TFHub have +1000 models but given the fast development of ML, there’s always a cool new one that you might want to try.
Which one are you missing?
Can we add more audio tasks? More specifically in music projects (pitch detection, chord detection, source separation).
Example of a super recent model (published today) that I’m excited about: Google | spice | Kaggle
Thanks for the suggestion peddy.
We’re working on that specifically! Let’s we can improve that!
thanks
I agree with Peddy. We have lots of good models for text and image tasks, but audio tasks and models are mostly missing.
I’ve recently published TTS models in German on TF Hub (tfhub.dev/monatis), and I’m getting prepared to publish more models for TTS and ASR in several languages. We have good end-to-end models for these tasks, and training them might be challenging and time consuming. So I believe that publishing them will be good contributions to the community, and I’m ready to collaborate with anyone willing to do so
I would like to go back to Image Classification. The following two would be my top priority:
- RegNet
- Vision Transformers (ViT) in TensorFlow
those are good suggestions!
thanks for contributing!
Those are nice too! I want to play with ViT too!
It could be nice to have Google’s Pay Attention to MLPs.
Thanks @Bhack , that’s a good idea!
As a side node and more in general, I think that we could find a way to better interact with paperswithcode with TFHUB and the Model Garden SIG now that it is integrated with ArXiv
I would like to see:
- even more speeded-up variants of existing (mostly mobile/embedded focused) models: quantized variants down to 8 bit integers
- Everything having support for 16 bit float32 / amp
- yolo
That’s a good idea @Bhack , for Model Garden I can take a look and see if we can improve some processes!
Thanks for the feedback @ntakouris
for the quantized versions, that’s something we can always tell the publishers that developers want it!
Yolo specifically was mentioned some days ago in another thread and TFHub is open for non-Googlers to publish their models. So if the Yolo maintainers want to publish their models, that would be awesome!
@lgusm It would be great.
Take a look at some recent stats:
I hope that in addition to the trained model, we can also rebuild the model structure implemented with TensorFlow 2.x and use the corresponding dataset for learning and experiencing the training process.
Hi Nan Zheng,
For the full code, you can usually find it on TensorFlow Model Garden.

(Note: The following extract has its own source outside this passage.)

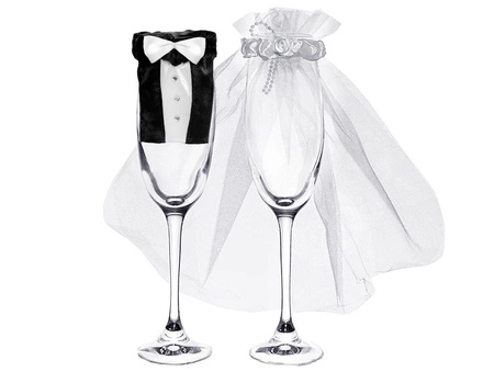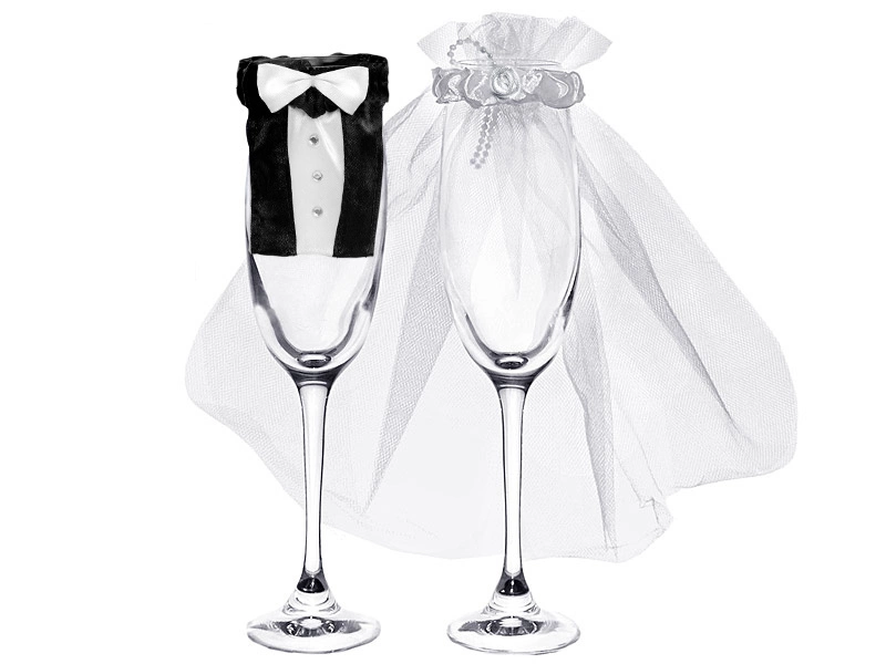 - Ubranka na kieliszki, zestaw strojów Pary Młodej.

The corresponding dataset might be much harder since all of them have a specific license and hosting them is much harder than a technical issue. On TFHub and Model Garden the dataset the model was trained on is mentioned in the documentation but not hosted.
Thanks for sharing @Bhack
Probably we can improve the collaboration and integration with TFDS, when possibile, to have an improved ecosystem experience.
Yes, that would be a good thing to do.
This kind of feedback really help the team to prioritize next steps so please keep them coming!
Thanks for your reply @lgusm ,
Unfortunately not all models in TensorFlow Hub can I find the source code. For example, I’m interested in " handskeleton" model, what only I know is the structure is SSD, but I can’t find the TensorFlow code in TensorFlow Model Garden, will someone post it in there in the future?